If I'm only going to watch 15 minutes of a match, which time interval will be the most exciting? How does that vary by competition and has it changed over the years?
Inputs
The data this week comes from an incredible data source I found on Kaggle which contains over 47,000 results of international football matches. Thanks to Mart Jürisoo for collecting this data! 

1. Results table 

![1](https://blogger.googleusercontent.com/img/b/R29vZ2xl/AVvXsEgZP2sGbD5_kyD7ISa2HYcMgv2xdrigRgf9zdVzKTAcdZEaNYxJdhP1RCvWqpUKPFtZF1P3U5uh62vEo0KXHK0uBOYUxeblifShgdDqKBc4wKpb1iQKMXNhJSThEOCA3wZwyiuZTTvreH83hmhVVFLcrtUaT0dSHEqR_3uwb3_e-1KjjPGEz8Qd9BRjkBjz/s1242/Screenshot%202024-07-12%20112558.png)

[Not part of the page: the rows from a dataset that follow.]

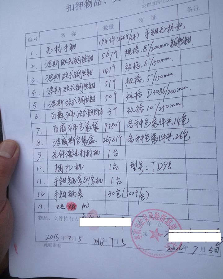 2016年5月15日,“商业秘密网”接到举报:江苏张家港市广源五金工具有限公司法人马某和浙江义乌神狮工具负责人欧某等,私自生产和销售波斯、百威狮等名牌五金工具。经过历时一个月的调查取证,终于在广源五金法人马某的老家(湖北省枣阳市新市镇李楼村)发现造假窝点。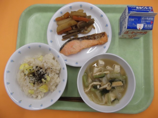 栗ご飯 魚の塩こうじ焼き 芋入り金平 みそ汁 牛乳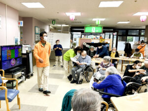 このタイミングで、なんと1階と2階から同時にビンゴの声が上がりました! 養護老人ホームのご利用者様とデイサービスのご利用者様の一騎打ち。運命のラストワンをかけて、リモートじゃんけんで決着をつけることに!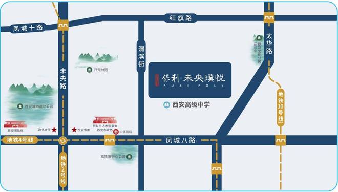 紧邻太华路/凤城八路/未央路,通达全城,接驳地铁2号线号线(在建中)/西安北站,贯通全城,辐射全国。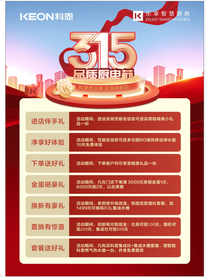 為提高消費者廚房生活質量,科恩一如既往以過硬的品質、五星的服務再次推出315特別活動。科恩全國千城萬店齊獻7重好禮,從廚房空氣到飲用水安全,從新房裝修到老廚房翻新,科恩為消費者想的更多。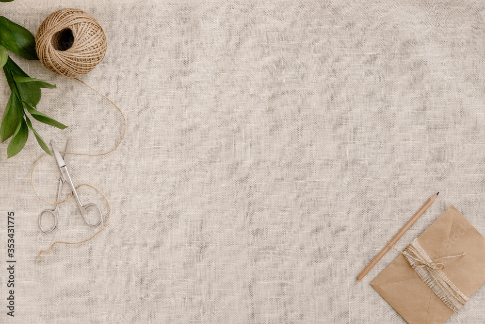 Top view image fashion designer background concept.Flat lay sewing scrapbooking accessory.Scissors, skein of twine, vintage envelope on brown linen fabric at home studio. Space for design mockup

2. International Competitions table 

![2](https://blogger.googleusercontent.com/img/b/R29vZ2xl/AVvXsEih9_edQVgi4u54jtdYSPhNjpYxhBVh1qEP0ApXkyLJ5z8TTm0jlOGfknwE3Ej8WcSxT_kZwJ53rBLmRD19hEeCFIrIVHh2VNpT2eeD1owayx6J-a_bLxxqzt5VRmJUNjXFy5FkXagj4_3JKyXCWEc96fBMnBIDmMuD2UyfKYl2JnjdxFgFSwO2WycmG91g/s839/Screenshot%202024-07-12%20112705.png)

3. Goal Scorers table - currently only available for World Cup and Continental Championships so this is where we will focus our analysis 

![3](https://blogger.googleusercontent.com/img/b/R29vZ2xl/AVvXsEjPGSAMLx6yHO24UeOWSmE1iHOHxt7OzyrvdZk6vFADFh7u59oMM55x0rPiDKLZHZF7uS7iuh18mdahHK2vRokqAVYoYDu523yM0wHJdjQAzQshzfMBnfAeYIMCaZ2PuIxw3F3pOl4z7FF6Il6IBFKoesZSqocWcgR70NmWt8iGHLMmx9k0Wq4mzXKG0gxe/s1065/Screenshot%202024-07-12%20112823.png)

4. Segment table 

![4](https://blogger.googleusercontent.com/img/b/R29vZ2xl/AVvXsEgyLAB2DR7FlKWz3TSXr7FFDIPLtDmtia_KwtsZH3PurgdtslliaCiAYIeBaJu2qHLwqsLo9DzgcrhyCcZaWVgBBQr8KI8FmIKlxIXzfu_JE4-CJQFRw98dYCVyesbGodYqJMkdtbyNwyLo_V4_VoGqJ2MbCuUJ3wqpLWeIS_bMtVozPOWFCeTj9GoQYwxP/s293/Screenshot%202024-07-12%20112907.png)

### Requirements
- Input the data
- Filter out Qualification rounds from the Results table
- Split out the Football Association and Competition from the tournament field
- e.g. For UEFA Euro, UEFA is the Football Association and Euro is the Competition
- Not all tournaments contain information about the Football Association
- Join to the International Competitions table
- All 8 competitions should be included
- For the CONCACAF Championship ensure the correct Football Association and Competition are joined
- Create a field for the Decade the competition took place in
- Filter the data to 1950s onwards
- Create a Match ID field so every row in the data had a unique identifier
- Calculate the number of matches in each Decade, in each Competition
- Filter out the nulls from the Goal Scorers table and join to the dataset
- Join on the Segment table based on what segment of time the goal was scored in
- e.g. a goal scored 25 minutes into the game should be in the 15-30 segment
- Count how many goals were scored in each Segment, for each Competition and Decade
- Calculate the Expected number of Goals for each Segment, Competition and Decade
- Output the data
### Output

![5](https://blogger.googleusercontent.com/img/b/R29vZ2xl/AVvXsEhIkofZTtNMyoDS8iZsJcnL0EFz_ve-kdk8HD_EidGjHZVSvFwVvAwzxT3CTQdNKecrjSy4WXQe6t6z3PNSr63VNNakxU0QpDjKi8rDZKLKKGPBPLJJ_8cH6jhyYzXmpdPDHNmnQHCfKwPQiwQr_lcxO6Eku5gRmDVOcsJHyblqFVZalnyrrGIMxoFb-tVJ/s927/Screenshot%202024-07-16%20163555.png)

- 6 fields
- Competition
- Decade
- Segment
- Total Goals
- Matches in a Decade per Competition
- Expected number of Goals
- 351 rows (352 including headers)

In [1]:
from pyspark.sql import SparkSession

# Initialize a Spark session
spark = SparkSession.builder.appName("FootballAnalysis").getOrCreate()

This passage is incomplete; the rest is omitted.